[Stored data entries]
↓↓↓

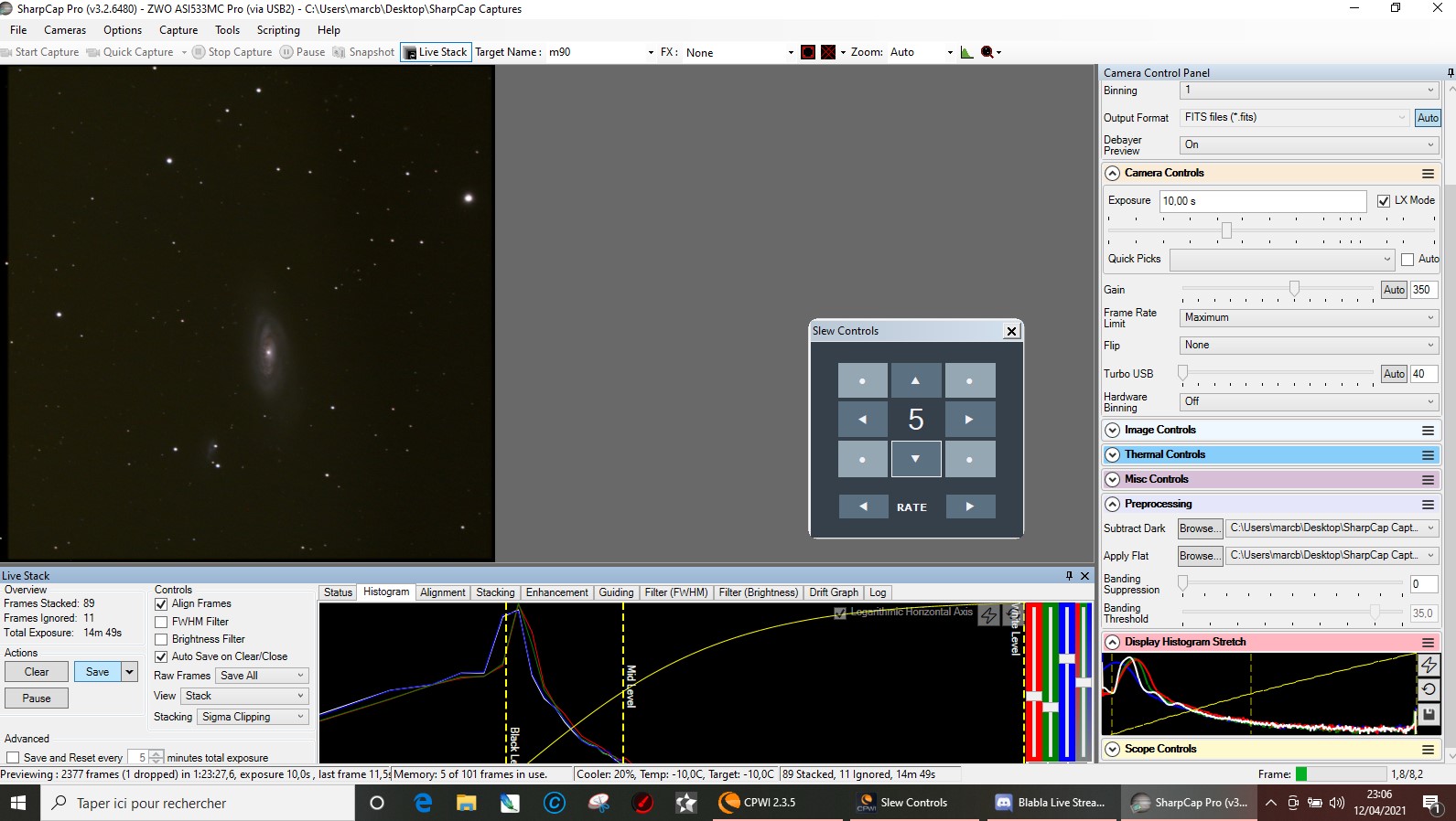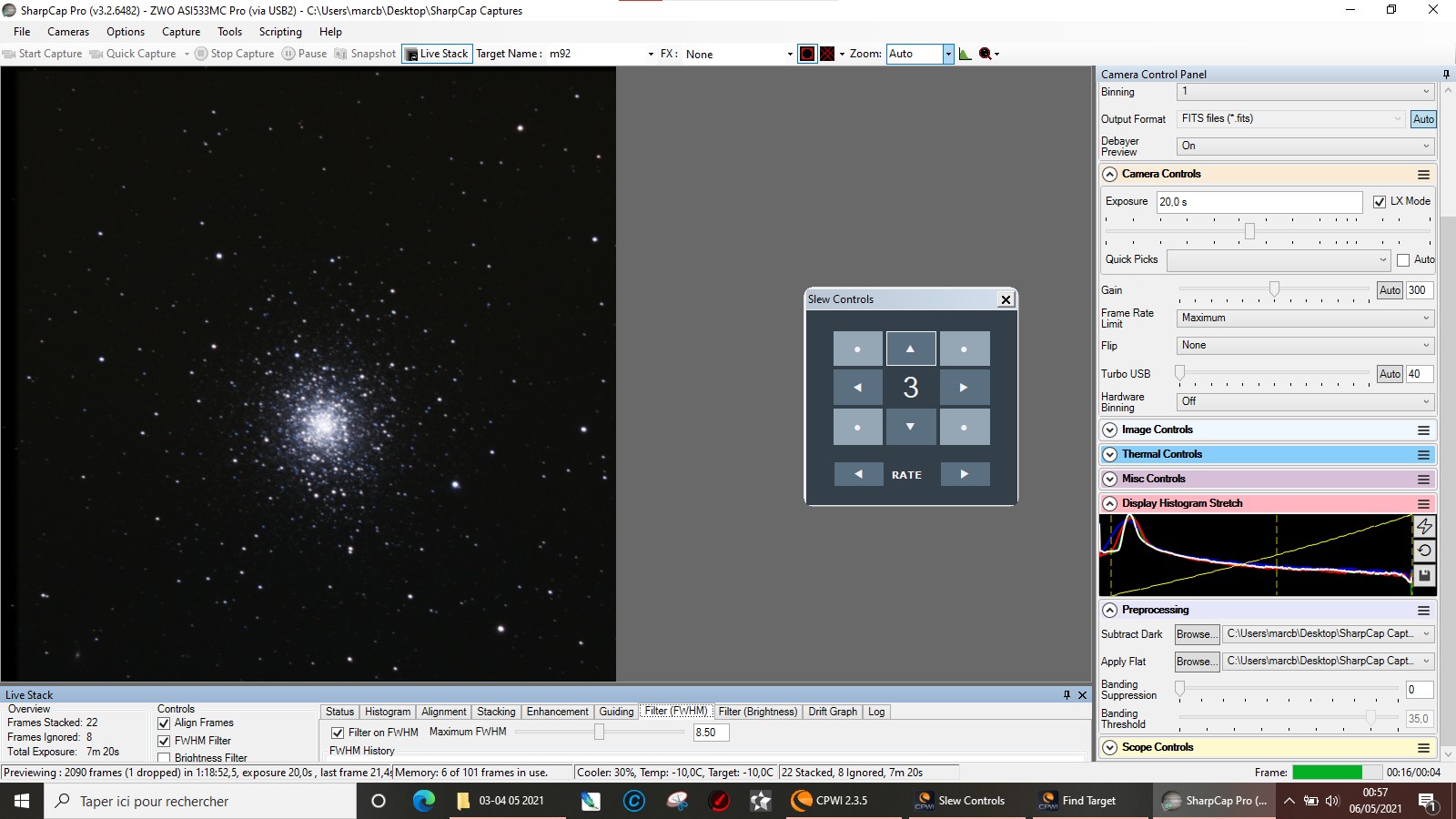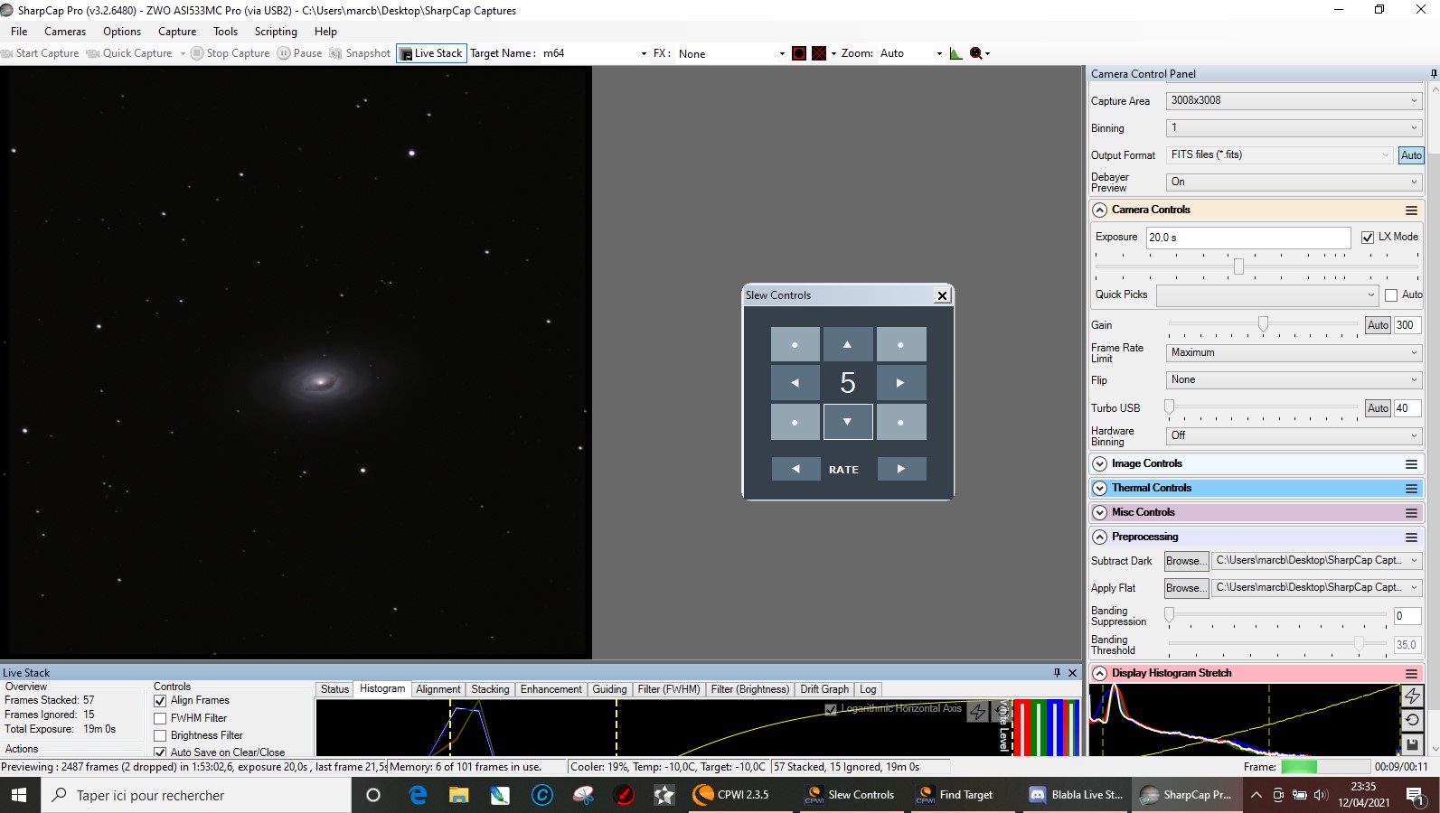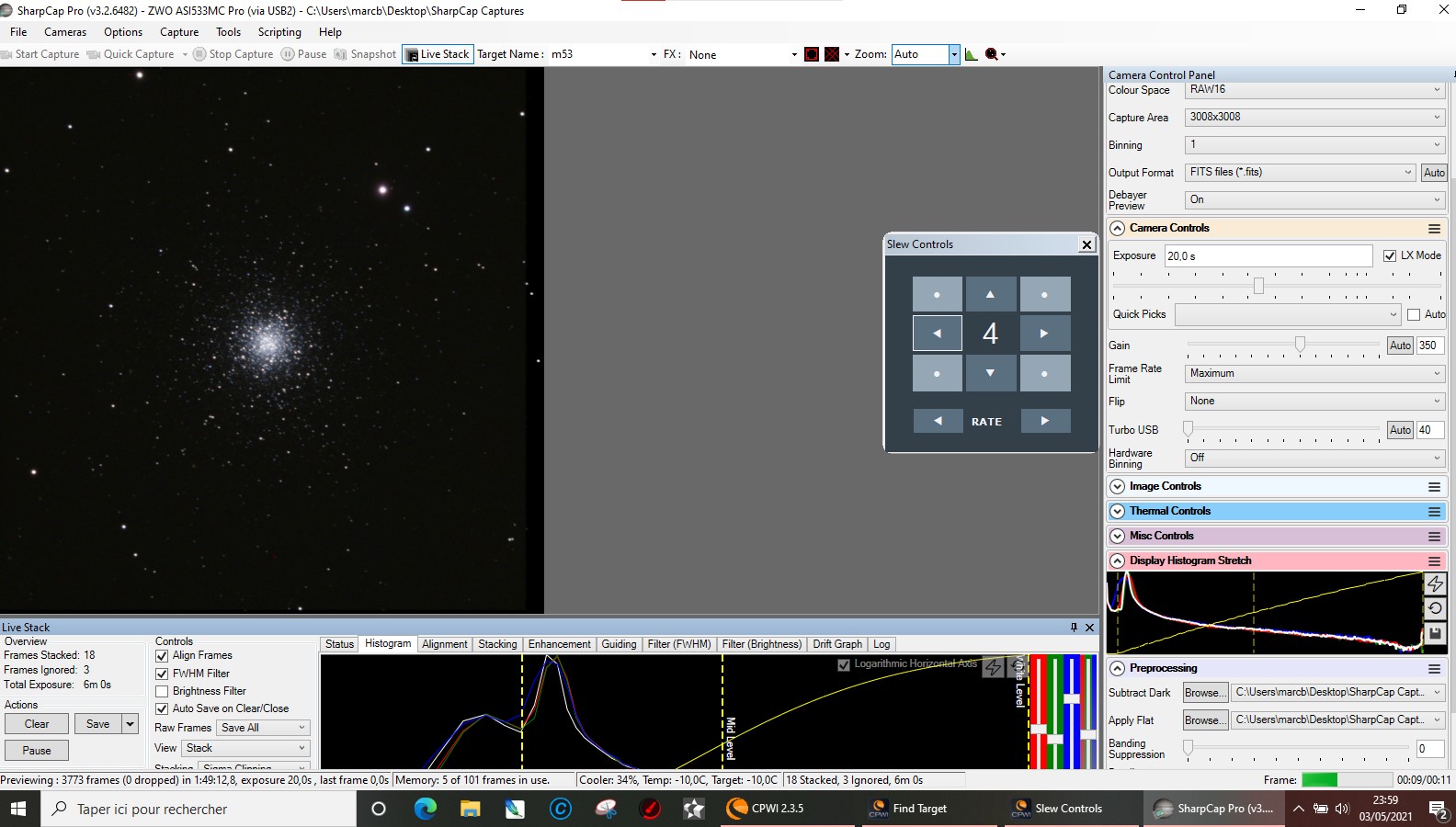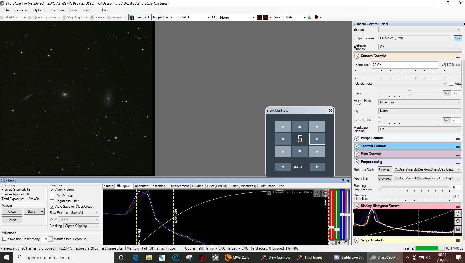 J'ai lancé sharpcap en live stack et j'ai été rebuté par le fait que le stack se lance immédiatement avant même que le moindre réglage de gain ou de temps d'expo ai pu être réalisé.
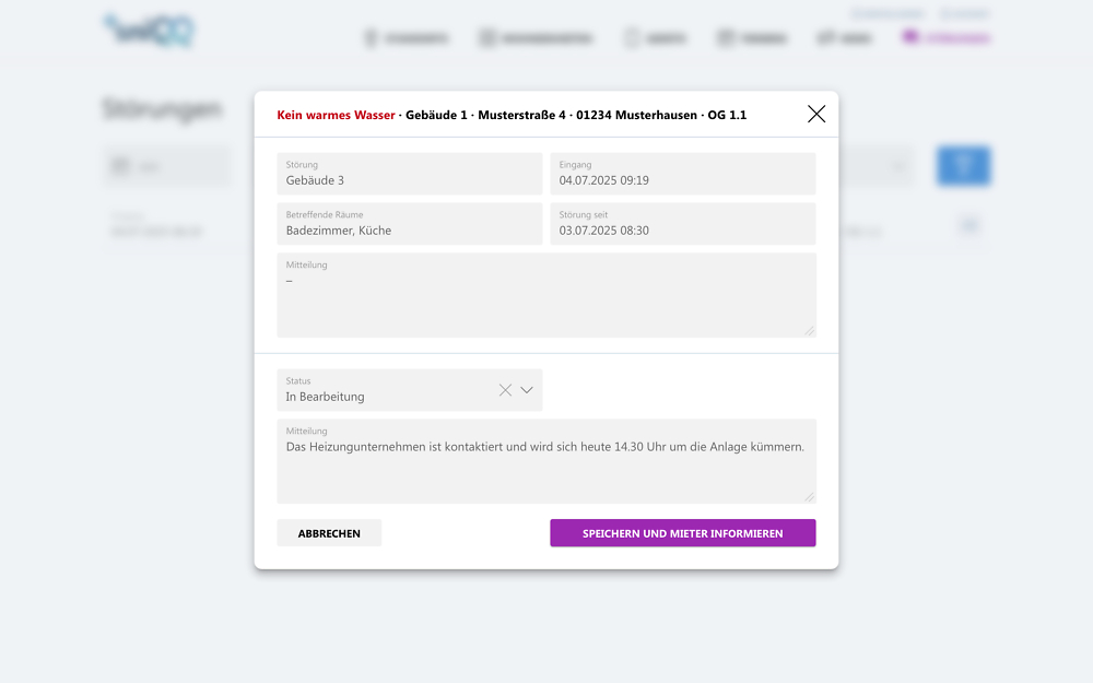 Die vom Mieter gemeldeten Störungen gehen zentral ein und können in einer übersichtlichen Liste bearbeitet werden. Mit Statusmeldungen halten Sie die Mieter auf dem Laufenden oder fragen spezifisch nach. Das macht die Kommunikation effizient und beschleunigt die Problemlösung.
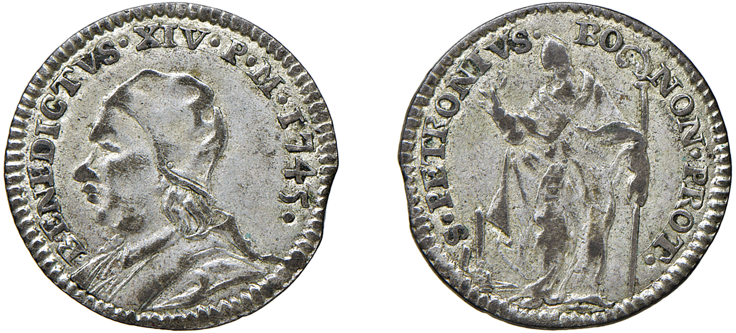 BENEDETTO XIV (1740-1758) - Muraiola da 4 bolognini 1745, Bologna
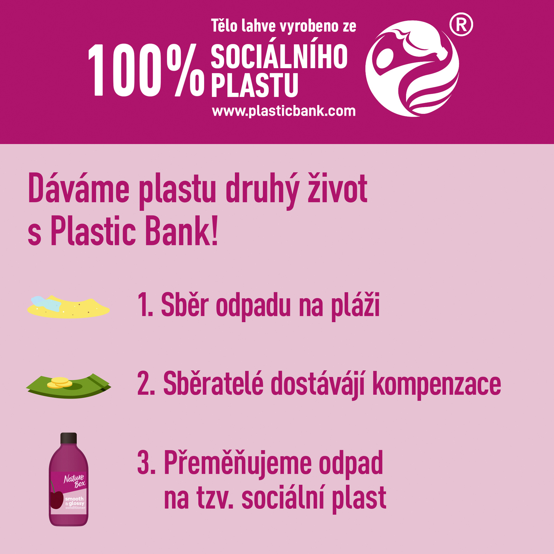 Nature Box balzám pro hladké vlasy se za studena lisovaným olejem z třešní. Certifikováno u Ecocert Greenlife jako Cosmos Natural podle Cosmos standardů. 98 % ingrediencí přírodního původu (vč. vody). Spolu s Plastic Bank bojujeme s plastovým odpadem z pláží i souše.
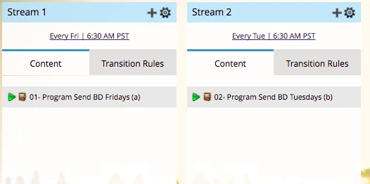 Two programs under nurture stream program: one handles Friday sends, and another one handles Tuesday sends.
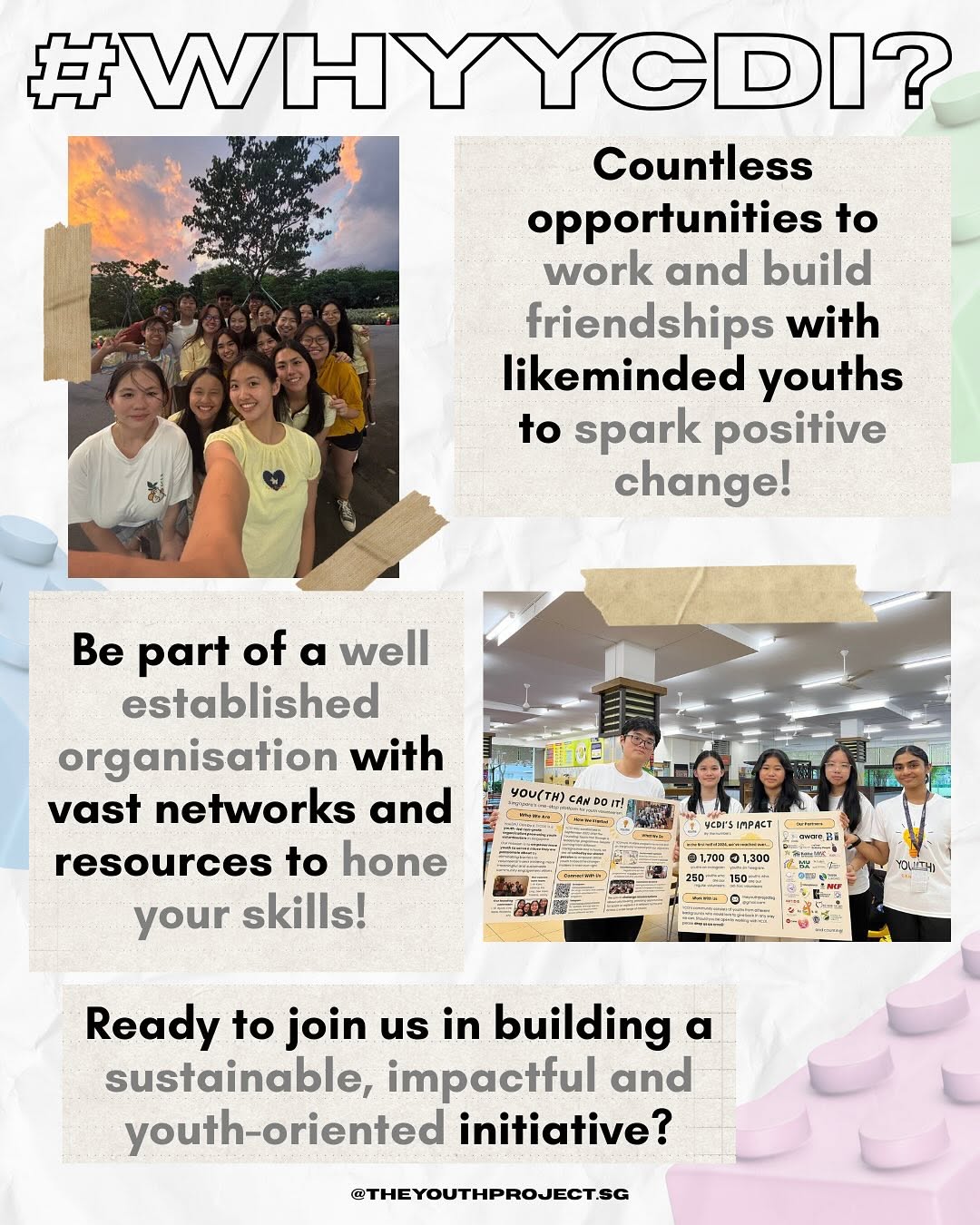 Need more info and convincing? @ Fret not, because YCDI has a series of posts lined up for you this month that will showcase the hearts behind YCDI and experiences that await you

↑↑↑

REQUIREMENT
Write the records out once more, exactly as they appear, with no pictures.

RESPONSE TO THIS EXERCISE
 J'ai lancé sharpcap en live stack et j'ai été rebuté par le fait que le stack se lance immédiatement avant même que le moindre réglage de gain ou de temps d'expo ai pu être réalisé.
 Die vom Mieter gemeldeten Störungen gehen zentral ein und können in einer übersichtlichen Liste bearbeitet werden. Mit Statusmeldungen halten Sie die Mieter auf dem Laufenden oder fragen spezifisch nach. Das macht die Kommunikation effizient und beschleunigt die Problemlösung.
 BENEDETTO XIV (1740-1758) - Muraiola da 4 bolognini 1745, Bologna
 Nature Box balzám pro hladké vlasy se za studena lisovaným olejem z třešní. Certifikováno u Ecocert Greenlife jako Cosmos Natural podle Cosmos standardů. 98 % ingrediencí přírodního původu (vč. vody). Spolu s Plastic Bank bojujeme s plastovým odpadem z pláží i souše.
 Two programs under nurture stream program: one handles Friday sends, and another one handles Tuesday sends.
 Need more info and convincing? @ Fret not, because YCDI has a series of posts lined up for you this month that will showcase the hearts behind YCDI and experiences that await you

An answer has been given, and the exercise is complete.